FoxDifferential.Completed.Continuous.Universal.System
This module sets up the finite-stage and inverse-limit description of the construction. It records the stage maps, projections, and comparison lemmas used to pass back to the completed object.
def zcCompletedDifferentialModuleStageSystem :
InverseSystem (I := ZCCompletedDifferentialModuleIndex C ψ) where
X := fun i => ZCCompletedDifferentialModuleStage C ψ i
topologicalSpace := fun _ => ⊥
map := fun {i j} hij => zcCompletedDifferentialModuleStageTransition C ψ hij
continuous_map := by
intro i j hij
letI : TopologicalSpace (ZCCompletedDifferentialModuleStage C ψ i) := ⊥
letI : TopologicalSpace (ZCCompletedDifferentialModuleStage C ψ j) := ⊥
letI : DiscreteTopology (ZCCompletedDifferentialModuleStage C ψ j) := ⟨rfl⟩
exact continuous_of_discreteTopology
map_id := by
intro i
funext x
exact congrFun
(congrArg DFunLike.coe
(zcCompletedDifferentialModuleStageTransition_id C ψ i)) x
map_comp := by
intro i j k hij hjk
funext x
exact congrFun
(congrArg DFunLike.coe
(zcCompletedDifferentialModuleStageTransition_comp C ψ hij hjk)) xThe inverse system of finite source, target, and coefficient stages of \(A_{\psi}(C)\).
instance instAddCommGroupZCCompletedDifferentialModuleStageSystemStage
(i : ZCCompletedDifferentialModuleIndex C ψ) :
AddCommGroup ((zcCompletedDifferentialModuleStageSystem C ψ).X i) := by
dsimp [zcCompletedDifferentialModuleStageSystem]
infer_instanceAddition in the finite-stage completed differential-module system is defined coordinatewise.
instance instIsAddGroupSystemZCCompletedDifferentialModuleStageSystem :
IsAddGroupSystem (zcCompletedDifferentialModuleStageSystem C ψ) where
map_zero := by
intro i j hij
exact (zcCompletedDifferentialModuleStageTransition C ψ hij).map_zero
map_add := by
intro i j hij x y
exact (zcCompletedDifferentialModuleStageTransition C ψ hij).map_add x y
map_neg := by
intro i j hij x
exact map_neg (zcCompletedDifferentialModuleStageTransition C ψ hij) xThe inverse system of finite-stage group algebras has addition defined coordinatewise on compatible families.
theorem zcCompletedDifferentialModuleStageSystem_map_apply
{i j : ZCCompletedDifferentialModuleIndex C ψ} (hij : i ≤ j)
(x : ZCCompletedDifferentialModuleStage C ψ j) :
(zcCompletedDifferentialModuleStageSystem C ψ).map hij x =
zcCompletedDifferentialModuleStageTransition C ψ hij xThe system map on completed differential modules is evaluated coordinatewise at each finite coefficient stage.
Show proof
rflProof.
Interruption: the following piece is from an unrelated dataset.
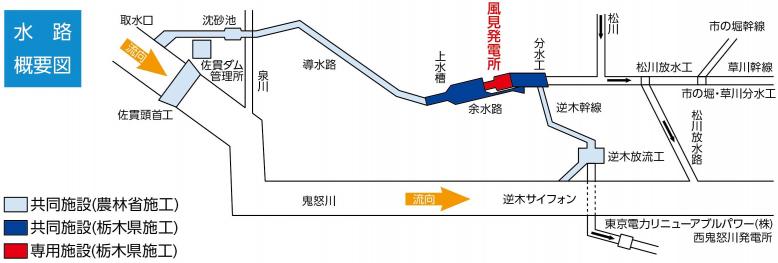 | 【下流開発篇】 [私案]佐貫発電所 出力:6,100〜8,200kW[+8.2MW] 水量:30.0〜40.0m3/s→下流の風見発電所はなんと42m3/sである! 落差:24m 導水:4.88km 取水:鬼怒川[大渡堰堤(道谷原発電所11.13m3/s・塩谷発電所18.00m3/s)]278m 放水:鬼怒川[佐貫頭首工]252m |
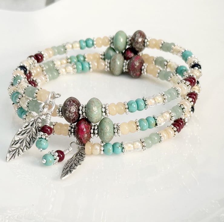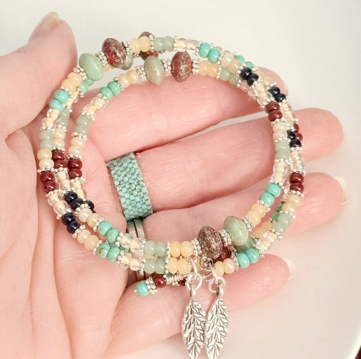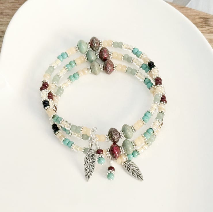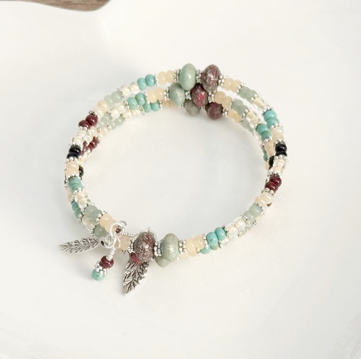 Boho style beaded wrap bracelet in sage green and deep red colours. The beads have been threaded onto memory wire in blocks of coloured seed beads in sage green, cream and dark blue tones. There are also chunky oval beads in complimenting green and red colours, these beads have a rustic finished to them.

Work from the defining Fox differential and its crossed-derivation rule. The values on generators determine the map; the product rule gives \(d(xy)=d(x)+x d(y)\), and the inverse rule follows by applying the product rule to \(x x^{-1}=1\). At finite coefficient or quotient stages, the source and target coordinates are obtained by applying the same quotient map to supports and the given coefficient map to coefficients. Since the generator formulas determine the differential or homomorphism uniquely, equality of all finite-stage Fox coordinates proves the asserted completed identity. The finite-stage verification is made before passing to completion, so no topological density argument changes the algebraic calculation. Each completed coefficient system is obtained as a compatible family, and the quotient maps commute with the Fox differential by the generator formula. Thus the identity proved on generators persists under products, inverses, finite linear combinations, and finally under the inverse-limit passage. The finite-stage quotient maps preserve the chosen generators, so the crossed-derivation calculation does not depend on the representative of a coset. Linearity over the completed coefficient ring is checked after projection to each coefficient stage. The completed identity is therefore the unique compatible family whose coordinates are the verified finite Fox identities. The topological assertion is checked by the initial topology of the inverse limit. After composing with each finite-stage projection, the relevant map is a continuous finite-stage homomorphism or an operation on a finite product; compactness, Hausdorffness, total disconnectedness, and profiniteness are then inherited from the finite stages by the standard inverse-limit argument.
□theorem zcCompletedDifferentialModuleStageSystem_projection_compatible
(x : (zcCompletedDifferentialModuleStageSystem C ψ).inverseLimit)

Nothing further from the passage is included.